1. Solely by reason of the status of the person as an interest holder of the entity under its governing law.
183.1001(19)(a)2.
2. Under the organizational documents of the entity in accordance with its governing law which make one or more specified interest holders or categories of interest holders liable in their capacity as interest holders for all or specified liabilities of the entity.
183.1001(19)(b)
(b) An obligation of an interest holder of an entity under its organizational documents to contribute to the entity.
183.1001(21)
(21) “Merging entity" means an entity that is a party to a merger and exists immediately before the merger becomes effective.
183.1001(22m)
(22m) “Non-United States entity" means an entity whose governing law is the law of any jurisdiction other than the United States or any state, but does not include an entity that has domesticated under the law of any other state.
183.1001(23m)
(23m) “Organizational documents" means, with respect to an entity, whether in a record or, to the extent permitted under the entity's governing law, other than in a record, the following or its equivalent under the entity's governing law:
183.1001(23m)(a)
(a) For a domestic or foreign corporation, whether or not for profit, its articles of incorporation and bylaws.
183.1001(23m)(b)
(b) For a domestic or foreign partnership, its partnership agreement and, in the case of a domestic or foreign limited liability partnership, its statement of qualification as a limited liability partnership or foreign limited liability partnership.
183.1001(23m)(c)
(c) For a domestic or foreign limited partnership, its certificate of limited partnership and partnership agreement.
183.1001(23m)(d)
(d) For a domestic or foreign limited liability company, its certificate or articles of organization and operating agreement.
183.1001(23m)(e)
(e) For a business trust, its agreement of trust and declaration of trust.
183.1001(23m)(f)
(f) For any other entity, the basic records, agreements, or other items that create the entity and control its internal governance and the relations among its interest holders.
183.1001(37)
(37) “Surviving entity" means the entity that continues in existence after or is created by a merger.
183.1001(38)
(38) “Type of entity" means a generic form of entity that is any of the following:
183.1001 History
History: 2021 a. 258.
183.1002
183.1002
Relationship of this subchapter to other laws. 183.1002(1)(1)
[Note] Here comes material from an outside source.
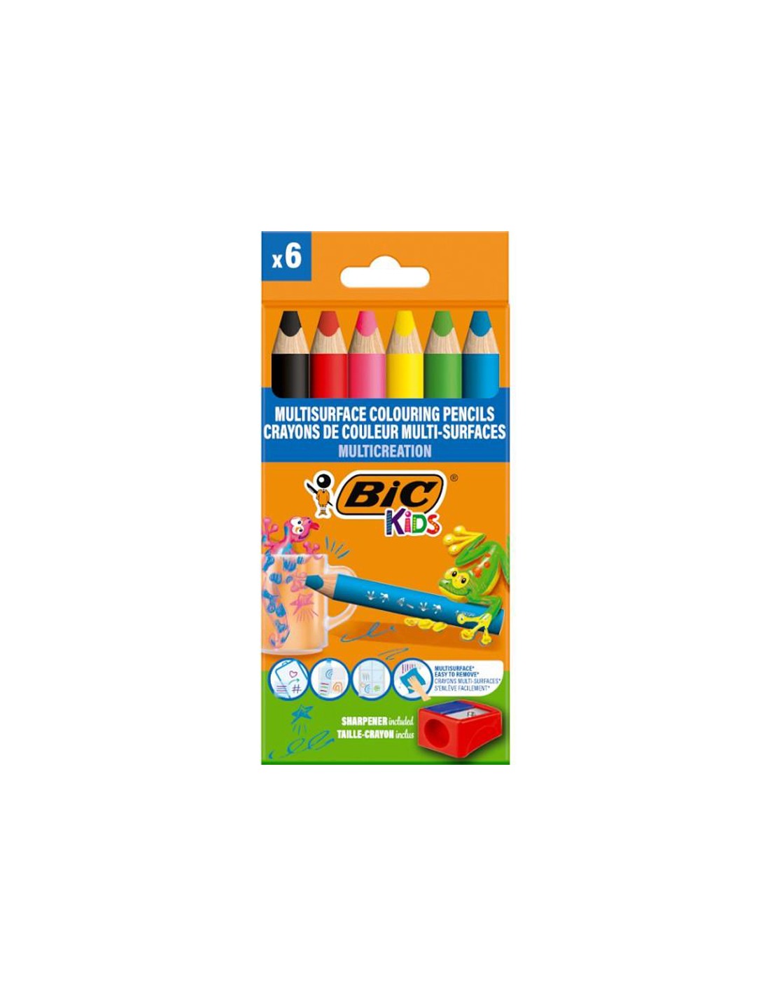 ¡Experimenta una creatividad sin límites con este pack de 6 lápices de colores multisuperficie Bic Kids! Explora estas técnicas con una amplia gama de colores vivos y escribe, dibuja y colorea sin esfuerzo sobre muchos tipos de superficies diferentes. El cuerpo triangular proporciona mayor agarre, y el sacapuntas incluido mantiene tus trazos definidos para que puedas seguir creando sin límites.

This subchapter does not authorize an act prohibited by, and does not affect the application or requirements of, law other than this subchapter.
183.1002(2)
(2) A transaction effected under this chapter may not create or impair a right, duty, or obligation of a person under the law of this state, other than this subchapter, relating to a change in control, takeover, business combination, control-share acquisition, or similar transaction involving a domestic constituent, acquired, or converting entity.
183.1002 History
History: 2021 a. 258.
183.1003(2)(2)
Property held for a charitable purpose under the law of this state by a domestic or foreign entity immediately before a transaction under this subchapter becomes effective may not, as a result of the transaction, be diverted from the objects for which it was donated, granted, devised, or otherwise transferred. An entity that is or plans to be engaged in a transaction covered by this subchapter may apply to the circuit court for a determination regarding the transaction's compliance with cy pres or other law dealing with nondiversion of charitable assets.
183.1003(3)
(3) A bequest, devise, gift, grant, or promise contained in a will or other instrument of donation, subscription, or conveyance that is made to a merging entity which is not the surviving entity and that takes effect or remains payable after the merger inures to the surviving entity.
183.1003(4)
(4) A trust obligation that would govern property if transferred to a nonsurviving entity applies to property that is transferred to the surviving entity under this section.
183.1003 History
History: 2021 a. 258.
183.1004
183.1004
Nonexclusivity. The fact that a transaction under this subchapter produces a certain result does not preclude the same result from being accomplished in any other manner permitted by law other than this subchapter.
183.1004 History
History: 2021 a. 258.
183.1005
183.1005
Reference to external facts. A plan may refer to facts ascertainable outside the plan if the manner in which the facts will operate upon the plan is specified in the plan. The facts may include the occurrence of an event or a determination or action by a person, whether or not the event, determination, or action is within the control of a party to the transaction.
183.1005 History
History: 2021 a. 258.
183.1021(1)(1)
One or more domestic limited liability companies may merge with or into one or more other constituent entities pursuant to ss.
183.1021 to
183.1025 and a plan of merger if the merger is permitted under the governing law of each constituent entity and each constituent entity approves the plan of merger in the manner required by its governing law.
183.1021(2)
(2) One or more other domestic or foreign entities may merge with or into a domestic limited liability company pursuant to ss.
183.1021 to
183.1025 and a plan of merger if the merger is permitted under the governing law of each constituent entity and each constituent entity approves the plan of merger in the manner required by its governing law.
183.1021 History
History: 2021 a. 258.
183.1022(1)(1)
A plan of merger must be in a record and contain all of the following:
183.1022(1)(a)
(a) As to each constituent entity, its name, type of entity, and governing law.
183.1022(1)(c)
(c) The manner and basis of converting the interests in each constituent entity into interests, securities, or obligations of the surviving entity, rights to acquire such interests or securities, money, other property, or any combination of the foregoing.
183.1022(1)(d)
(d) If the surviving entity preexists the merger, any proposed amendments to its organizational documents that are to be in a record immediately after the merger becomes effective.
183.1022(1)(e)
(e) If the surviving entity is to be created in the merger, any of its organizational documents that are to be in a record immediately after the merger becomes effective.
183.1022(1)(f)
(f) Any other matters required under the governing law of any constituent entity.
183.1022(2)
(2) In addition to the requirements of sub.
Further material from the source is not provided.